▸ **YOUR TASK**: Please set down exactly the lines of the listing below from the line containing "Deze zeer unieke" through the line containing "활용)한!! 도서들 전체 출력", both lines included, leaving out all other lines.

▸ **DATA EXCERPTS**:
....................
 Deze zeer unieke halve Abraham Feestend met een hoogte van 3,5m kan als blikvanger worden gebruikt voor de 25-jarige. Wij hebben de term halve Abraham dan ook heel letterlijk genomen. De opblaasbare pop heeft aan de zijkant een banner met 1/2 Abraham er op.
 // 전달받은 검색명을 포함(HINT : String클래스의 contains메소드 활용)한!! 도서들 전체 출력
....................
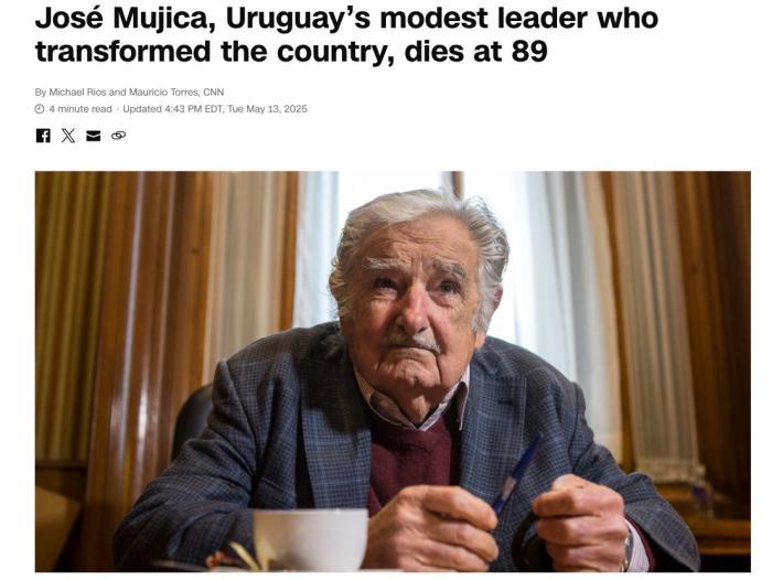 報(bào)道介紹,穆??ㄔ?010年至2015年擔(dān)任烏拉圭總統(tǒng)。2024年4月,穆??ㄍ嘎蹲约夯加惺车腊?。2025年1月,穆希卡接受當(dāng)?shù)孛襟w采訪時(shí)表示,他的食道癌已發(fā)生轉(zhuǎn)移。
....................
▸ **RESULT**:
 Deze zeer unieke halve Abraham Feestend met een hoogte van 3,5m kan als blikvanger worden gebruikt voor de 25-jarige. Wij hebben de term halve Abraham dan ook heel letterlijk genomen. De opblaasbare pop heeft aan de zijkant een banner met 1/2 Abraham er op.
 // 전달받은 검색명을 포함(HINT : String클래스의 contains메소드 활용)한!! 도서들 전체 출력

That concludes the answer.